Wednesday, January 11, 2023

Android Updates

Well once upon a time, it was very easy to develop, test and push into the PlayStore.  I guess Google became jealous of Apple and its layers of requirements.  At som epoint I do understand that they need to have standards, but these updates every year are time consuming for the single person developer.   I spent the last 3 days trying to move one app (TDust) into the play store.  Now part of it is truly my fault for not keeping the apps up to date.  So trying to move from API 24( #7) to the new required API 30 (#11) and 64 bit versions has been fun. I can test on Adroid 7,8,11 and 12 with the devices I have.  I actually went to Best Buy and bought an unlocked phone.  It was $165 if you activate it and $165 if you dont.  Naturally I did not activate.  It is more a less a mini tablet.

I had already done the Permission thing before, but Google keeps changing the permissions required.  When permissions were implemented, to use BLE you need to have location permissions. I suppose it is because there is small possibility that the location of the phone can be determined.  But this changed as the APIs advanced.  First it was coarse location then fine and now coming in API 31 (#12) no location as long as you swear on someone's grave you wont use BLE to find the phone's location.  Actually they are completely revamping the permissions around BLE it looks like.

I am only complying with API 30 and the new App bundle requirement for now.  This is good for new apps until Aug 2022 and Updates until Nov 2022, at which point it is API 31/32.  With the price of gas, I assumed I would not be making many trips this summer, but that did not happen as we were gone much more than planned.  

When I went all the way to API 30, it all failed big time.  The program crashed, the debugger failed, it was a mess.  So I went back two revisions on the Embarcadero Delphi compiler, API 24 and the last set of code that worked from SVN.  That worked on all the devices, though Android complained a lot when installing on the newer devices. So I slowly marched up the API list.  One thing I did was create a separate code module to handle the permissions.  That way once I figured it out, it would hopefully work for all my programs.  When I got to API 29 (#10) I had to switch the compiler version, since the older version did not support API 29(#10).  This is where permissions started changing and I had to research what was happening.  After two days I finally got it all working on API 29.  I am now one step away.  At this point I had to move to the latest version of the compiler.  This caused quite a few library types to change, but I was smart enough to implement conditional compilation so that I could go back and forth on the compiler versions.  This proved useful as API 30 did not come easily.  But after a day of searching and changing, the app finally worked on all the devices with API 30 as the target.

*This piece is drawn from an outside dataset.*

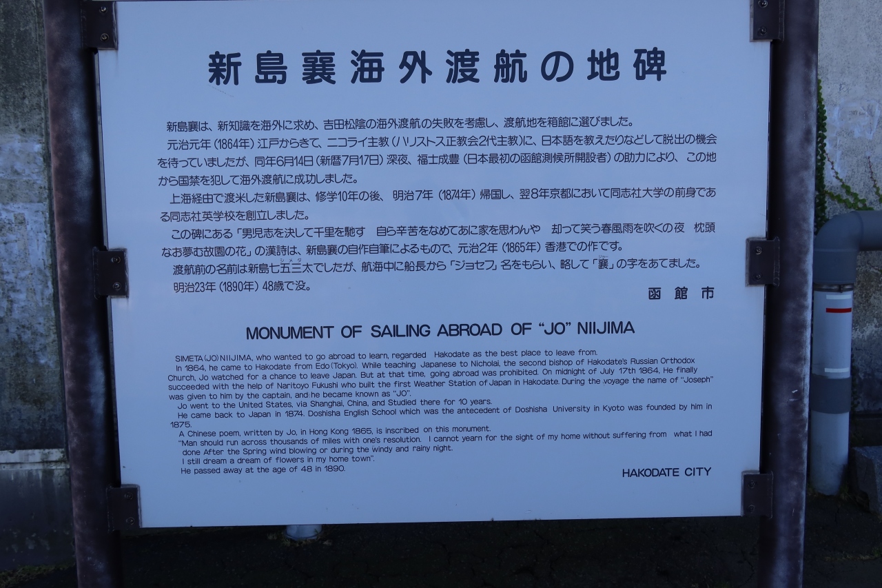 函館の東坂を下り函館港に突き当たった公海食品の倉庫の横に新島襄海外渡航の地碑が建立されています。同志社大学を創立した新島襄が1864年にこの場所からアメリカ商船ベルリン号に乗り込み脱国した場所が函館港に面したこの場所です。
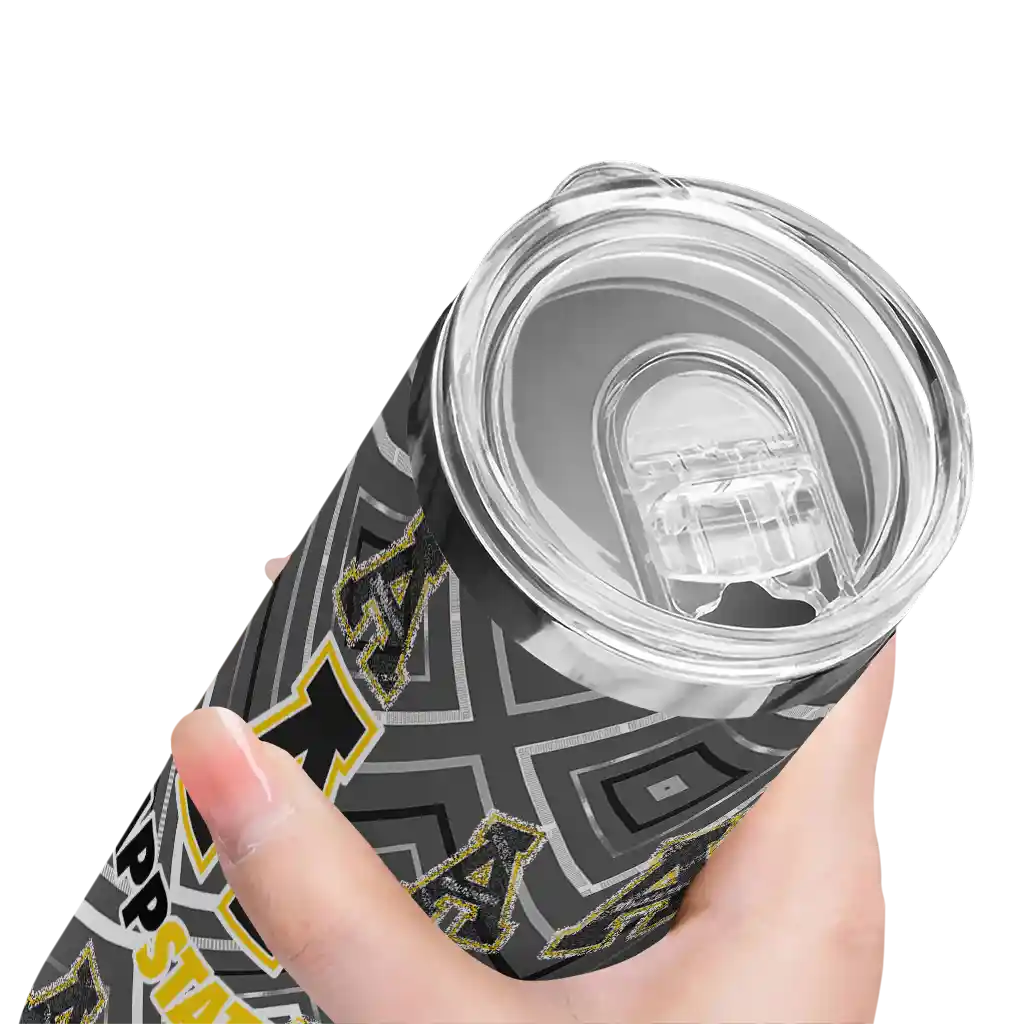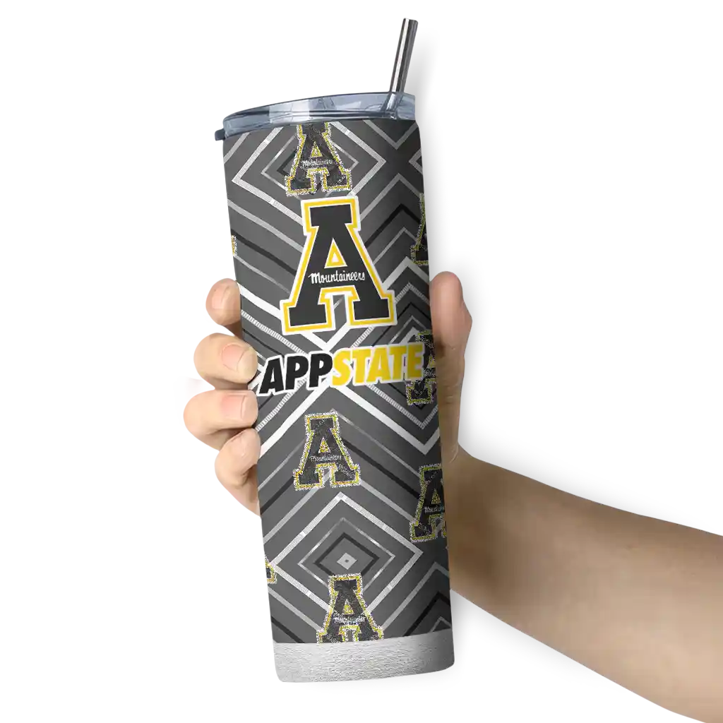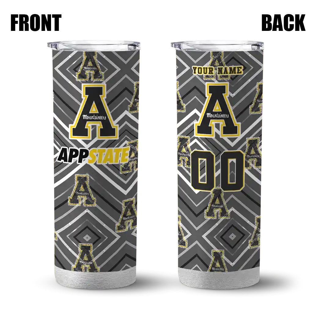 The Customized Appalachian State Mountaineers Chevron Stripes Black Skinny Tumbler tumbler is the perfect way to stay refreshed while showing off your pride for Appalachian State Mountaineers. With its double-wall insulation, your drinks stay at the right temperature for hours, whether you're enjoying a hot coffee or keeping your iced drink cold. What's inside? You’ll find 1 stainless steel tumbler, 1 clear lid, and 1 removable straw. It's the perfect blend of function and fan spirit! Ergonomically designed for comfort, made from durable stainless steel, and insulated to maintain your drink’s temperature, this tumbler is a must-have for any dedicated NCAA fan.

Then uploading to the Play Store became another fun thing.  You cant upload APKs any more they have to be in the new App Bundle format. And now signing/encrypting the App is not good enough, the upload has to have a key also.  They can be the same, but they recommend against it.  Well I converted my existing key to the format they wanted but could not figure out how to generate a separate upload key.  So for now they are the same.  Supposedly I can change the upload key, I just cant change the App key.  I uploaded the app and then the Play Store went nuts about a permission, background location.  I had read the it was now required, but they wanted to know why I was using and to provide a 30 sec video showing how it was used.  Then a week or so they would get back to me.  So I deleted the upload, went back removed the permission and tested again.  It all seemed to work.  Upload this new version, no complaints and it was published.

But it cant end here.  I then tested the install on the devices. The older devices were still installing the older version, don't know why.  Something I have to look into.  But the 64 bit version just crashed on start.  So back to the devices.  The compiler keeps separate configs for debug and release.  I had failed to test the 64 bit release version.  Found a setting in the 64 bit release config that was wrong.  Once that was fixed, the 64 bit devices started working.

I still need to find out why the new 32bit version is not installing.  You would thing this is not a big deal, but............  The Samsung A13 I bought at Best Buy is an ARM8 64 bit, but they installed the 32 bit version of Android.  So even if Google is screaming 64bit to everyone, some of the big guys are still installing 32 bit OS, even on 64 bit ARMs. 

Next is the API 31/32 update due in Feb 2023 now.